How Mentorship Powers Nigeria’s Next Generation of Tech Talent

Nigeria’s tech industry is expanding rapidly, but the reality is that while thousands of young people are enrolling in coding boot camps and tech training programmes, employers consistently highlight that many new hires possess theoretical knowledge but struggle to apply it in real-world settings.

From navigating compliance reviews to managing cross-functional deadlines, the knowledge required to thrive on the job is often necessarily covered in boot camps and online courses. At the same time, fewer than one in five tech jobs in Nigeria are held by women, revealing how this gap is even wider for those from underserved backgrounds.

These were the views of Joy Unokanjo, a Nigerian with over five years of experience working across fintech and product-led startups, who is leading the mentorship change on the ADPList mentorship platform.

Unokanjo, in a statement released recently, said: “Mentorship has become one of the most quietand powerful forces shaping Nigeria’s tech talent industry. Global platforms like ADPList, which recently surpassed 100 million minutes of mentor sessions, are helping to structure this knowledge exchange across borders, and Nigerians are equally leveraging the platform.”

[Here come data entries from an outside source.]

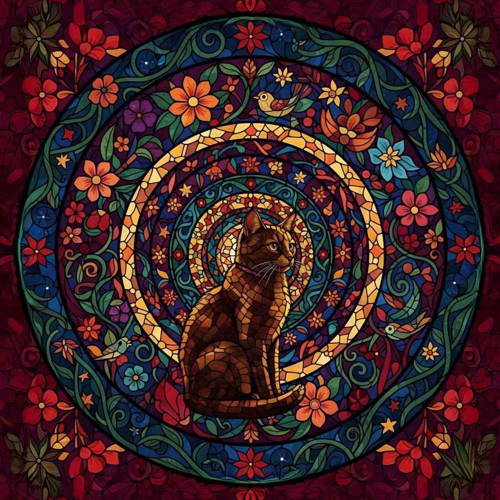色鮮やかな花々と蔦の文様が渦を描く中央に、静かに座す猫を描いた作品です。花の環は季節の循環や生命の連なりを象徴し、環の中に存在する小鳥のモチーフが伝統と神秘を感じさせます。全体として、細密なモザイク表現が華やかさと静謐さを同時に際立たせ、中心の猫が「世界の軸」であり全てを見定めるような神々しさを感じさせる一枚です。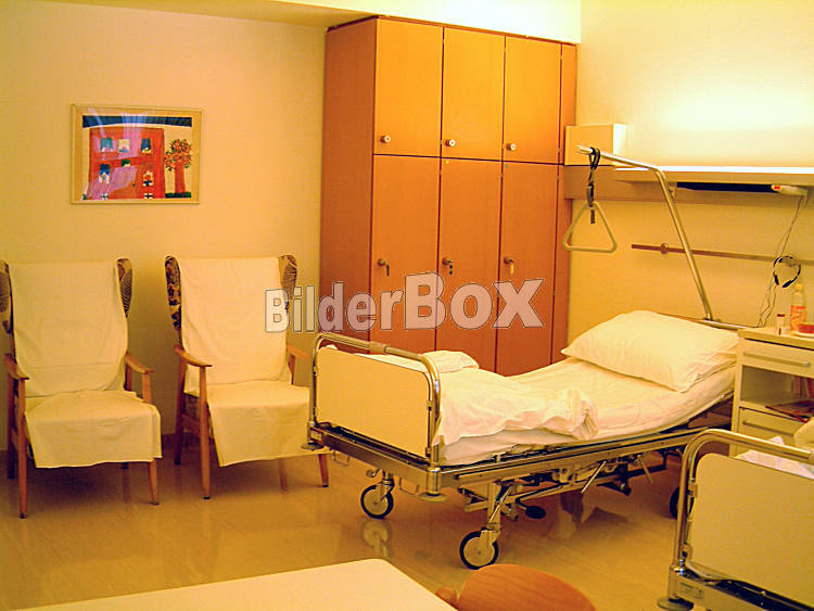 Beschreibung Leeres Krankenbett in einem Krankenhaus Copyright (2002) by BilderBox.com; Erwin Wodicka, A-4062 Breitbrunn. Tel.: 0043 676 5103 678. Veroeffentlichung nur nach unseren AGBs:...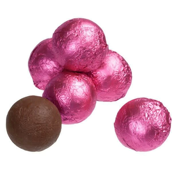 Bag contains 2 pounds of Bright Pink Foiled Milk Chocolate Balls Candy.

Giving her personal experience about mentorship, Unokanjo, said she had worked on products that have gotten into accelerator programs, withstood cyber threats, passed regulatory checks, and grown without losing user trust. She said she became exposed to the full product cycle from ideation to compliance reviews to strategic partnerships and revenue-driving proposals, even though it wasn’t a smooth path.

Unokanjojoined ADPList because she wanted to offer the kind of support she wished she had earlier in her career.